Change and Acceptance

Change and Acceptance
A few weeks ago my husband and I were having dinner with friends who, like my husband, are normal drinkers. Although we have been friends for a number of years, I only recently revealed the fact that I was in recovery. I doubt if they were surprised because we laugh and talk about college days and that included drinking, and so they were intuitive enough to know that I didn’t drink purely out of a dislike of alcohol.

Well, this particular evening we were talking about how people get sober and stay sober. Actually, they were asking me questions and they were interested in the term “dry drunk”. I went on to say that alcohol is only a symptom of a bigger problem(s) and that recovery is not only about sobriety but about changing oneself on every level. Changing oneself is difficult and is exactly why we need to work the steps. Folks I have met who labeled themselves as “dry drunks” tell the same story. They say that they didn’t drink and they were miserable. I know I was pretty miserable when I drank so it doesn’t make sense to me to be sober and miserable. I do believe most of us feel that way which is why we embrace a 12 Step program.

The Big Book tells us that when we stop drinking and begin working the steps, we will change and others might see the changes before we do. This definitely does happen. Early in my sobriety though, when I was beginning to change, I was the one who was most aware of my changes. The majority of people I encountered day in and day out were in the fellowship and didn’t know me prior to my first day of sobriety.

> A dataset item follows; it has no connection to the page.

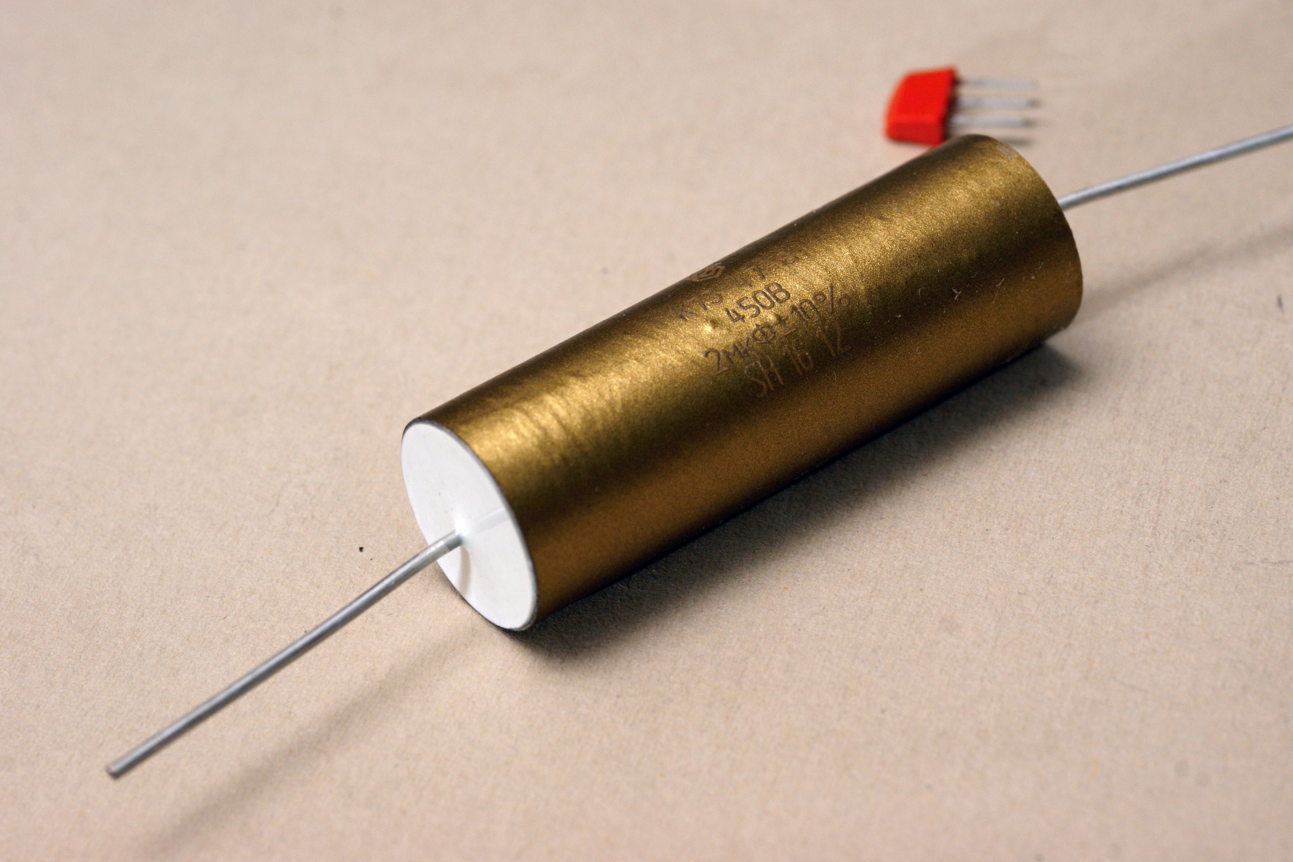 Металлопленочный конденсатор, на основе полиэтилентерефталатной пленки, предназначенный для работы "в качестве встроенных элементов внутри комплектных изделий в схемах однофазных асинхронных двигателей". Пусковой конденсатор, говоря простым языком. Покрашен очень красиво :))

I knew I had changed because I felt it internally. My entire being was more at peace. I was no longer worrying about things I could not change. I was using my God Box and I was praying every day. My thoughts were that if I changed, others around me would change also. After all, if I were a kinder, gentler soul, wouldn’t others respond in the same way? Ah, the expectation! It is true that in certain ways, kindness begets kindness. Today we are patient at a checkout at the grocery store with a new cashier; we might let someone in front of us in traffic; we might do any simple gesture of kindness to those we do not even know and it feels good.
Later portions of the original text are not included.